Kernel arguments with global keyword specify the inputs read from the global memory and outputs written back to it.

If the number of loop iterations are unknown, tool cannot report the loop latency. In these cases, xcl_loop_tripcount can be used to specify minimum and maximum number of iterations to help the tool to analyze how the loop’s latency contributes to the total latency of the application.

__attribute__((xcl_loop_tripcount(c_len, c_len)))

Loop iterations are done sequentially on a CPU, i.e. it will take multiple clock cycles for a new iteration to begin execution.

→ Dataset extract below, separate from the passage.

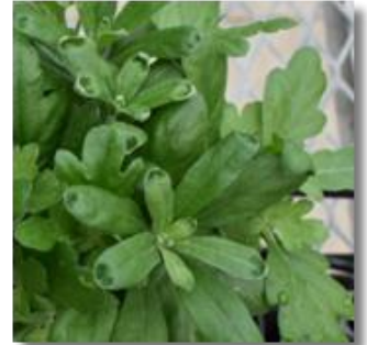
Fig. 1. Crown buds surrounded by non-lobed leaves.

The identifiable feature of crown buds is a change in leaf morphology from lobed leaves to non-lobed leaves, otherwise known as strap leaves (Fig. 1).

FPGA can pipeline these iterations to increase the throughput of the application by beginning a new iteration every cycle. xcl_pipeline_loop attribute is used to implement pipeline and to mention the Initiation interval (No. of clock cycles before a new loop iteration can be started).

__attribute__((xcl_pipeline_loop(1)))

Rather than reading individual items for addition, buffers are created in kernel’s local memory and multiple items are read in a single burst. This is done to achieve low memory access latency and also for efficient use of bandwidth provided by the AXI interface. Similarly, results are stored in a buffer and are written to global memory in a burst. The for loops used have the following requirements to implement burst read/write: - Pipeline the loop : Loop pipeline must have II (Initiation interval) = 1 - Aligned memory : Memory addresses for read/write should be contiguous.

__attribute__((xcl_pipeline_loop(1)))
     readB: for (int j = 0 ; j < size ; j++) {
             arrayB[j] = b[i+j]; }

EXCLUDED PLATFORMS:

  • All NoDMA Platforms, i.e u50 nodma etc

  • Alveo U250

DESIGN FILES

Application code is located in the src directory. Accelerator binary files will be compiled to the xclbin directory. The xclbin directory is required by the Makefile and its contents will be filled during compilation. A listing of all the files in this example is shown below

src/host.cpp
src/vector_addition.cl

Access these files in the github repo by clicking here.

COMMAND LINE ARGUMENTS

Once the environment has been configured, the application can be executed by

./cl_helloworld <vector_addition XCLBIN>